=== Given entries ===
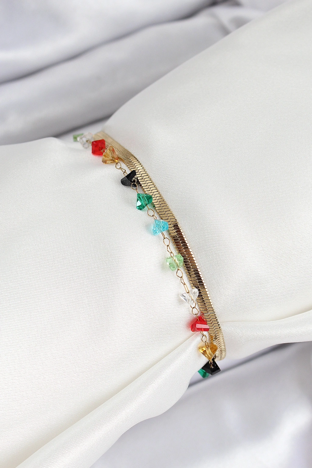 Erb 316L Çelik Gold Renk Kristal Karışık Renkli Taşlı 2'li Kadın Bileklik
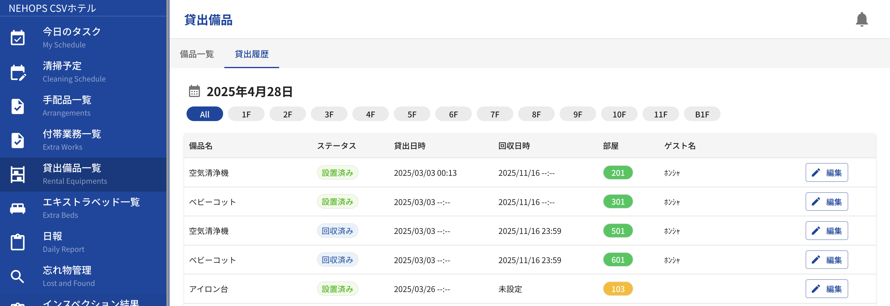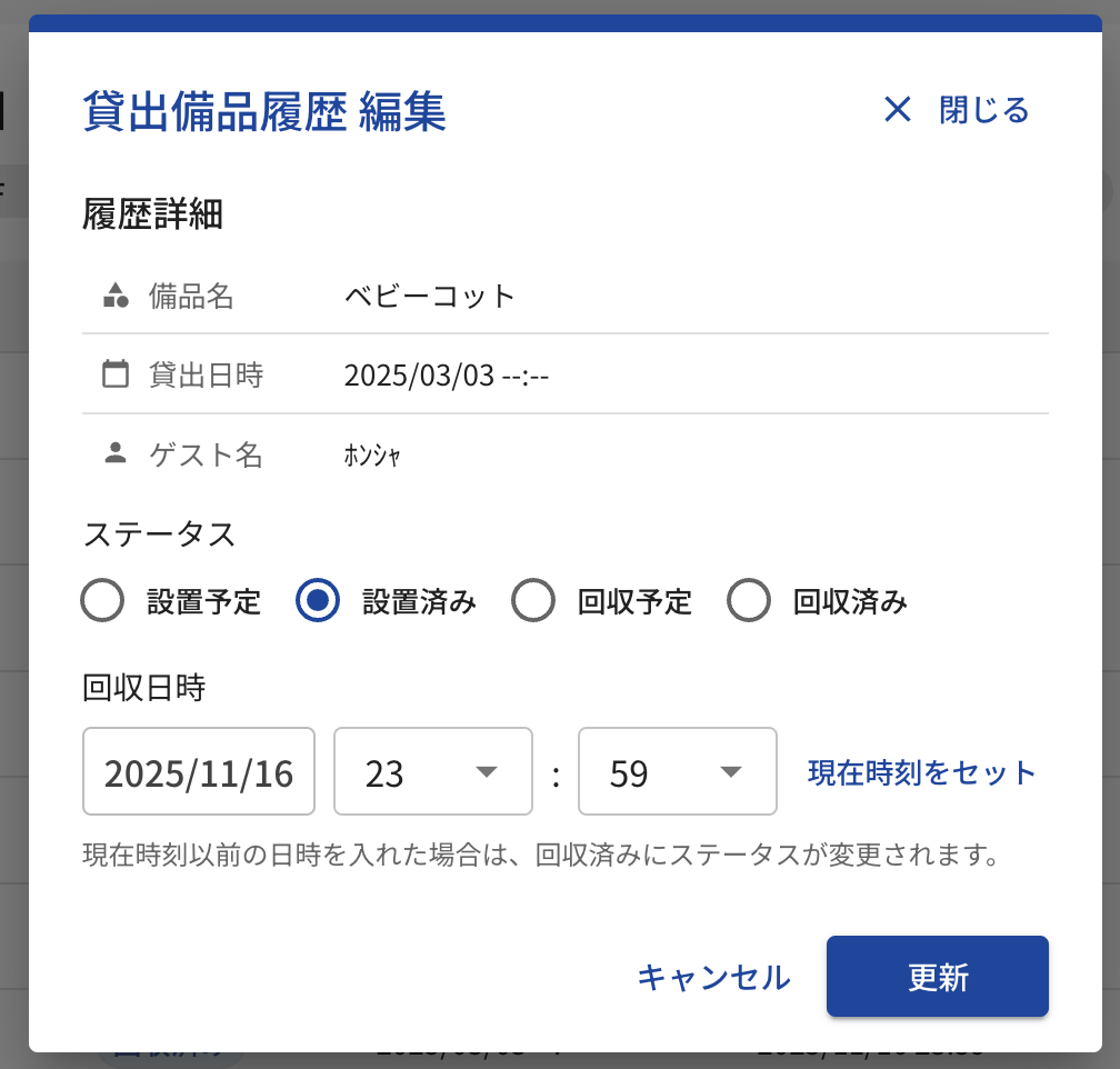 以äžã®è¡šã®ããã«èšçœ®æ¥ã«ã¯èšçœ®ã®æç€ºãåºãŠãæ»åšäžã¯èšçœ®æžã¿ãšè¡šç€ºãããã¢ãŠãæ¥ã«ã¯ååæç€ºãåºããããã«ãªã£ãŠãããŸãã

==

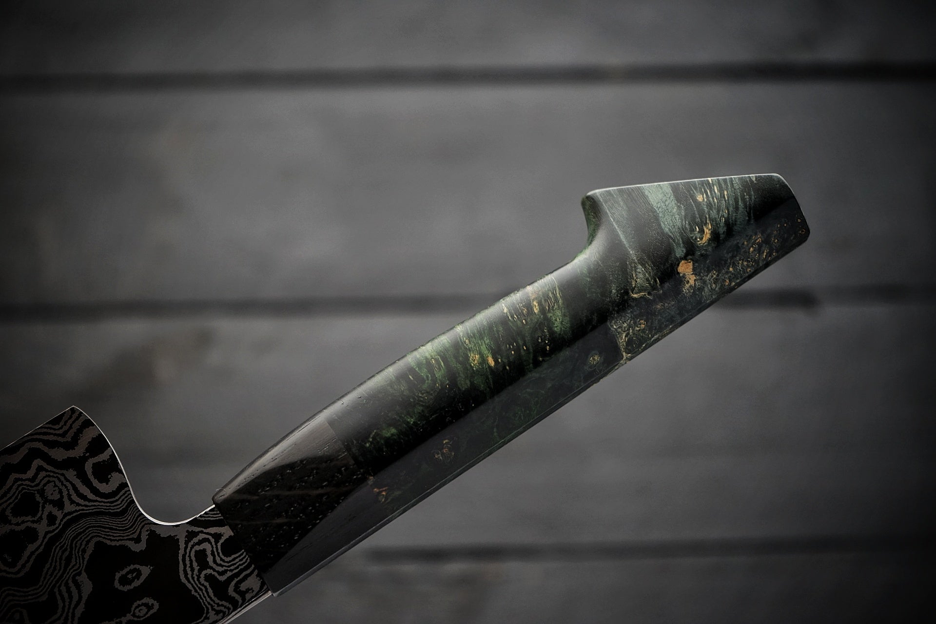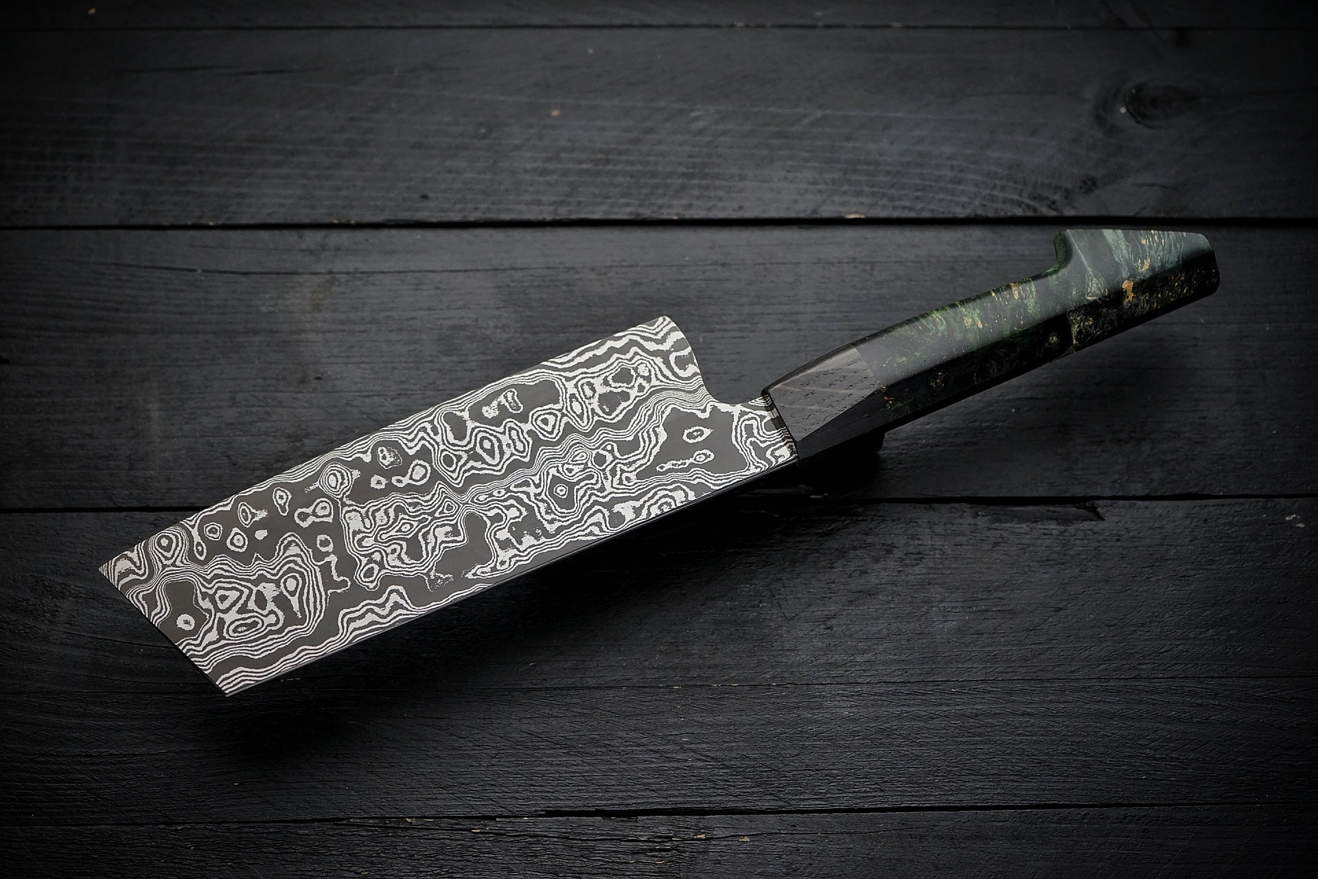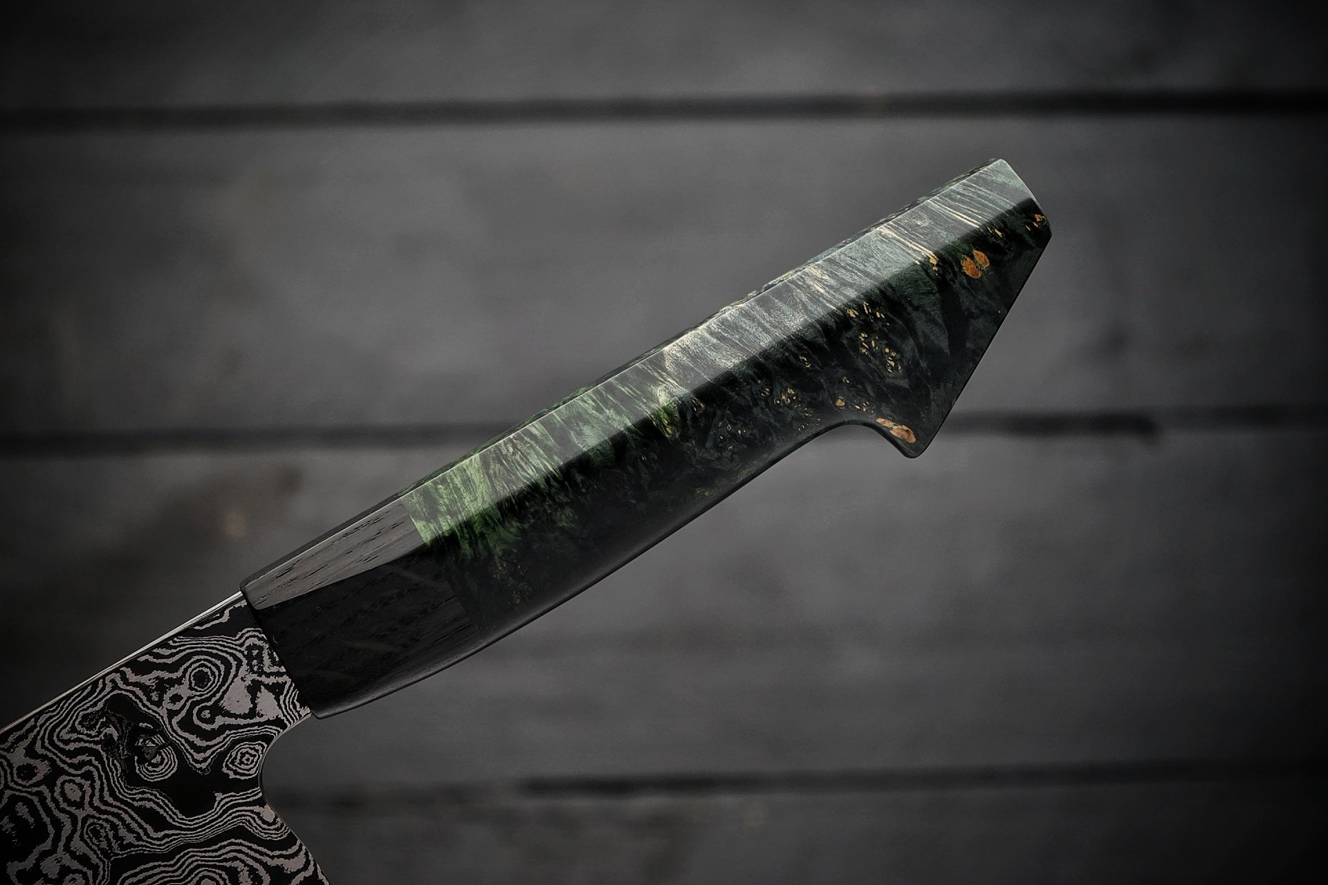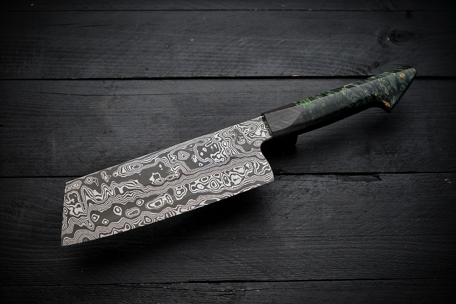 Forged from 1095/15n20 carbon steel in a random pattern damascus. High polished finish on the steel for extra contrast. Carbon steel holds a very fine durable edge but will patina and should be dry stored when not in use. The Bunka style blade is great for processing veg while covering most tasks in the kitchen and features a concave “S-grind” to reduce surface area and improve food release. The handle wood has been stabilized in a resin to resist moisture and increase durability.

---

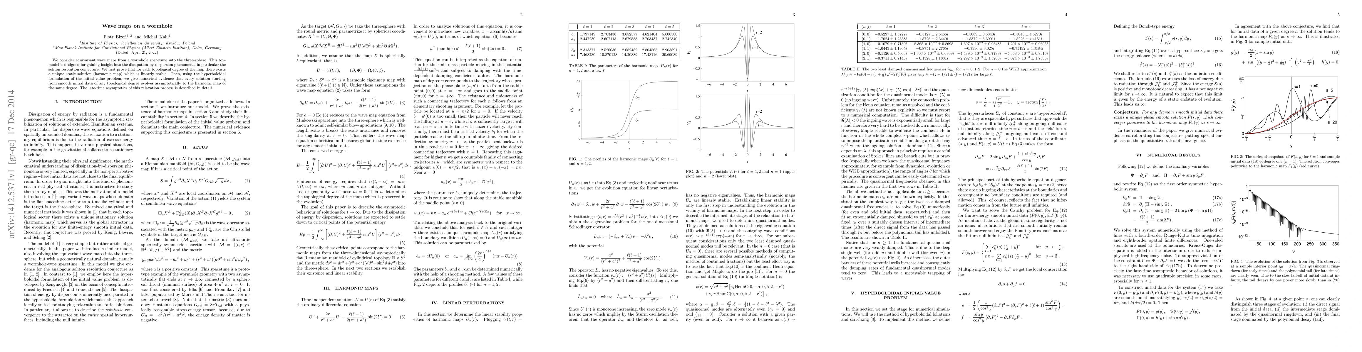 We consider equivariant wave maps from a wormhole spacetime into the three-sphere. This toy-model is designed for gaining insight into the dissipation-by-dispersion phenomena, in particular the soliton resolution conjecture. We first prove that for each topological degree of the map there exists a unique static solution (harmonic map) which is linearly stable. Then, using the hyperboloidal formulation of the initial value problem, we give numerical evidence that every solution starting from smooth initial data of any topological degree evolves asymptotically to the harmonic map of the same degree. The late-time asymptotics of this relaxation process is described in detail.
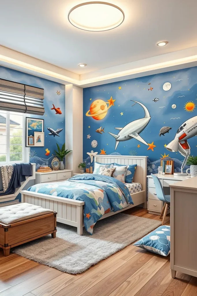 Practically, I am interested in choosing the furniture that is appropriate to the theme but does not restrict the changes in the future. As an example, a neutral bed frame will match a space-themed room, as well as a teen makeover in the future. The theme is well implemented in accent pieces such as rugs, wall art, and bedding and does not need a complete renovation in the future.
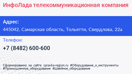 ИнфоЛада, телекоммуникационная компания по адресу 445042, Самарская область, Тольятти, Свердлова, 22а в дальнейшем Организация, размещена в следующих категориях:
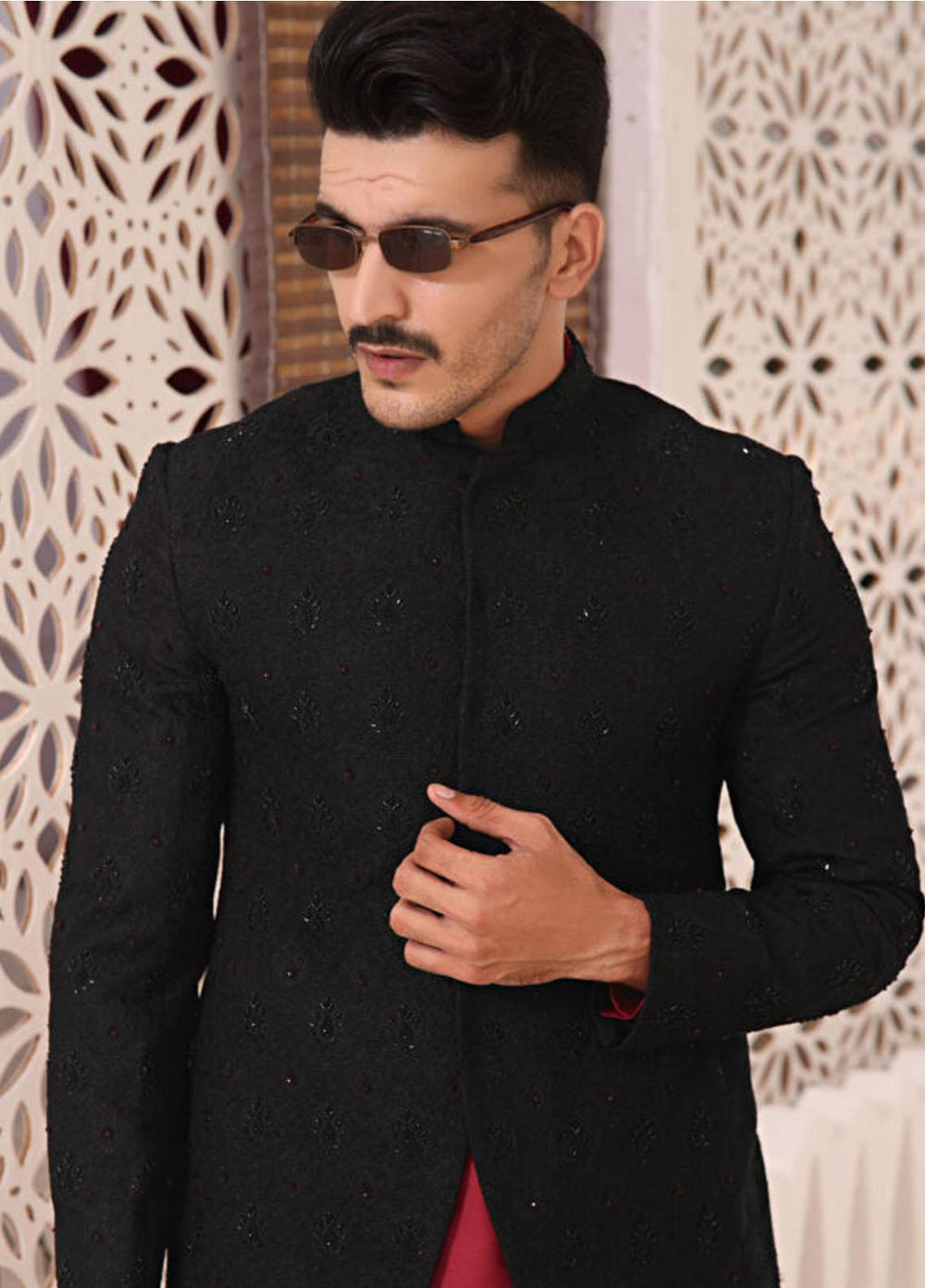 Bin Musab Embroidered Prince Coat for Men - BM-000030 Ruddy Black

=== Task description ===
Print exactly the lines above that run from the one with "ИнфоЛада, телекоммуникационная компания" to the one with "Bin Musab Embroidered", both included. No pictures.

=== The completed task ===
 ИнфоЛада, телекоммуникационная компания по адресу 445042, Самарская область, Тольятти, Свердлова, 22а в дальнейшем Организация, размещена в следующих категориях:
 Bin Musab Embroidered Prince Coat for Men - BM-000030 Ruddy Black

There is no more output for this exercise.